Ein Verstoß gegen § 164 Abs. 1 Satz 2 SGB IX begründet die Vermutung einer solchen Benachteiligung wegen Schwerbehinderung im Sinne von § 22 AGG. Dies entspricht dem Grundsatz, wonach bei schwerbehinderten Menschen und diesen gleichgestellten behinderten Menschen der Verstoß des Arbeitgebers gegen Verfahrens- und/oder Förderpflichten zugunsten schwerbehinderter Menschen regelmäßig die Vermutung einer Benachteiligung wegen der (Schwer)Behinderung im Sinne von § 22 AGG begründet. Darauf, ob es überhaupt andere Bewerbende gegeben hat, ob deren Bewerbungen Erfolg hatten und ob sie die Stelle angetreten haben, komme es nicht an.

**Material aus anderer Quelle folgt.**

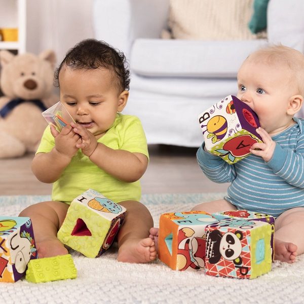 Zestaw 3 kostek aktywizujących z kolekcji Dżungla belgijskiej marki Lilliputiens to niebanalne, miękkie i wielofunkcyjne źródło rozrywki i nauki dla ciekawskich maluszków. Na każdym z boków każdej kostki znajduje się inne wyzwanie, m. in.: cyfry od 1 do 3, które trzeba posegregować w odpowiedniej kolejności, postać Krokodyla Anatola do ułożenia jak puzzle czy kieszonki lub schowki, w których należy ukryć dołączone do zestawu drewniane figurki – lwa Jacka, tukana Pablo oraz nosorożca Mariusa – odpowiednio na kostce z ich podobizną. Kostki zostały uszyte z materiałów o różnych wzorach i fakturach, są solidnie wykonane i w pełni bezpieczne. Zaskakują i pobudzają dziecięcą wyobraźnię. Rozwijają koordynację ręka-oko i małą motorykę (chwytanie, ciągnięcie, wkładanie, wyciąganie), aktywizują zmysł słuchu (jedna z kostek grzechocze, inna szeleści), wzroku i dotyku, uczą liczenia do 3, a poprzez zabawę w chowanie – dostrzegania związków przyczynowo-skutkowych.
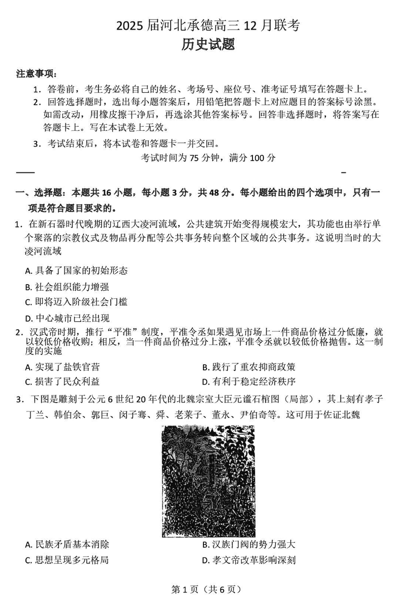 河北承德2025届高三上学期12月联考历史试题及答案 时间:2024-12-30 河北 文综试题 浙江北斗星盟2024年高三上学期12月月考历史考试已于近日开考,为方便考生考后及时查看考试情况,查漏补缺、弥补不足,本文整理了试题答案解析相关信息! 汇总:河北承德2025届高三上学期12月联考试题及答案汇总 历史试题及答案解析
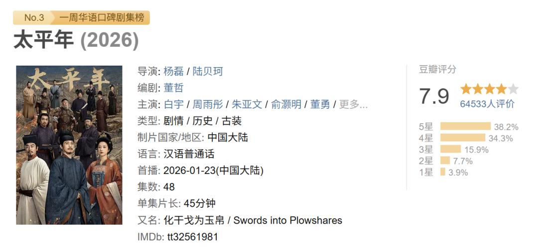 随着农历马年的脚步越来越近,长视频平台在春节档的布局日渐清晰。 长剧方面,从陆续开播、定档以及待播的重点项目来看,今年春节前后播出的剧集数量预计在20部左右,题材涉及历史、现实、古偶、悬疑、年代、现 偶、喜剧等多元赛道,基本覆盖了各个圈层受众的观剧需求。 然而比起隔壁短剧的声势浩大,长剧这边在经历了前两年春节档的接连"哑火"后似乎变得越发收敛。正在热播的头部大剧们仍在奋力冲刺试图扩圈,即将 列队上线的新剧们虽类型丰富却实力相对平均,难道2026长剧春节档真的就这样一"平"到底了? "该爆"的还没爆 论项目整体体量,其实近期上线的《太平年》《生命树》《唐宫奇案之青雾风鸣》《成何体统》等剧几乎代表了各平台在今年剧集春节档的较高水平,它 们之中大多数的收官时间也都会横跨春节假期。 其中适合春节热闹氛围的喜剧题材居多,最经典的当属已陪伴观众二十载的《乡村爱情》系列,最新一季已于2月10日登陆优酷。在正式开播前,以"赵四 葬礼"为开场的预告片便将词条#乡村爱情18赵四嘎了#推上热搜高位,到了正片中才知道是一场自导自演的"假死闹剧"。 而这些剧的市场表现亦不乏可圈可点之处,像已进入尾声的古装历史大剧《太平年》虽前期热度因 ...
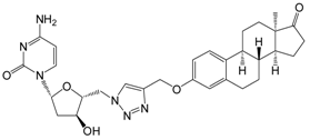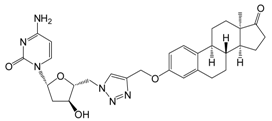 3-{[1-(2′,5′-Dideoxycytidine-5′-yl)-1H-1,2,3-triazole-4-yl]methyloxy}-13α-estra-1,3,5(10)-trien-17-one (13c): After purification, conjugate 13c was obtained as a white solid (45 mg, 81%), m.p. 170 °C (dec.), Rf = 0.41 (ss C); 1H-NMR (DMSO-d6); δ [ppm] = 0.96 (s, 3H, 18-CH3), 2.29 (m, 2H, 2′-H2), 2.74 (m, 2H, 6-H2), 3.75 (m, 1H), 4.21 (m, 2H), 4.62-4.72 (overlapping m, 2H): 1′-, 3′-, 4′-H, 5′-H2, 5.06 (s, 2H, OCH2), 6.70 (s, 1H, 4-H), 6.75 (d, 1H, J = 6.5 Hz, 2-H) 7.15 (d, 1H, J = 8.0 Hz, 1-H), 7.29 (s, 1H, HC=C), 8.04 (d, 1H, J = 6.5 Hz, 6”-H), 8.19 (s, 1H, 4”-NH2); 13C-NMR (DMSO-d6); δ [ppm] = 24.6 (C-18), 27.8, 28.1, 29.8, 31.7, 33.0, 36.1 (C-2′), 40.8 (2C, C-8 and C-9), 43.4, 48.6 (C-14), 50.5 (C-13), 51.5 (C-5′), 61.3 (OCH2), 84.1, 84.9, 87.3, 94.5 (C-5”), 112.5 (C-2), 114.2 (C-4), 125.2 (C-1), 126.8 (HC=C), 132.1 (C-10), 137.9 (C-5), 141.1 (C-6”), 142.9 (HC=C), 155.0 (C-3), 155.2 (C-2”), 165.6 (C-4”), 220.7 (C-17); ESI-MS: 561 [M + H]+; Anal. Calcd for C30H36N6O5: C, 64.27; H, 6.47; N, 14.99. Found: C, 64.42; H, 6.34; N, 15.18.

Im konkreten Fall scheiterte die Entschädigungsklage jedoch daran, dass der Arbeitgeber nachweisen konnte, dass die Auswahlentscheidung bereits vor Eingang der Bewerbung des schwerbehinderten Bewerbers verbindlich getroffen worden war. Dass die Stelle formal noch ausgeschrieben war, spielte dabei keine Rolle.
III. Pflichterfüllung in der Praxis
Nach der Entscheidung des BAG ist die gesetzliche Pflicht nur erfüllt, wenn:
- Ein Vermittlungsauftrag aktiv bei der zuständigen Stelle der Agentur für Arbeit eingereicht wird,
- alle relevanten Vermittlungsdaten vollständig übermittelt werden,
- der vorgesehene Kommunikationsweg gemäß § 187 Abs. 4 SGB IX (z. B. Formular oder Online-Maske) genutzt wird.
Die reine Einstellung eines Angebots in die Jobbörse ist lediglich eine Veröffentlichung – keine Aufforderung an die Agentur zur aktiven Vermittlung.
IV. Konsequenzen für Arbeitgeber
- Rechtliches Risiko: Das Unterlassen eines Vermittlungsauftrags kann eine Diskriminierung im Sinne des AGG indizieren, auch ohne diskriminierende Absicht.
- Beweislastumkehr: Arbeitgeber müssen dann darlegen und beweisen, dass keine Benachteiligung vorlag.
- Dokumentationspflicht: Der Zeitpunkt der verbindlichen Einstellungsentscheidung sowie die objektiven Gründe sollten sorgfältig dokumentiert werden, um die Vermutungswirkung ggf. zu widerlegen.
V. Fazit
Ohne formellen Vermittlungsauftrag an die Agentur für Arbeit wird die gesetzliche Pflicht aus § 164 Abs. 1 Satz 2 SGB IX nicht erfüllt. Für Arbeitgeber bedeutet das, dass schon formale Versäumnisse eine Indizwirkung nach § 22 AGG mit finanziellen Folgen auslösen können.
Diese Entscheidung reiht sich ein in die bisherige Rechtsprechung zu § 165 SGB IX, wonach öffentliche Arbeitgeber dieser Pflicht unterliegen. Das BAG überträgt diese Pflicht nun ausdrücklich auch auf private Arbeitgeber.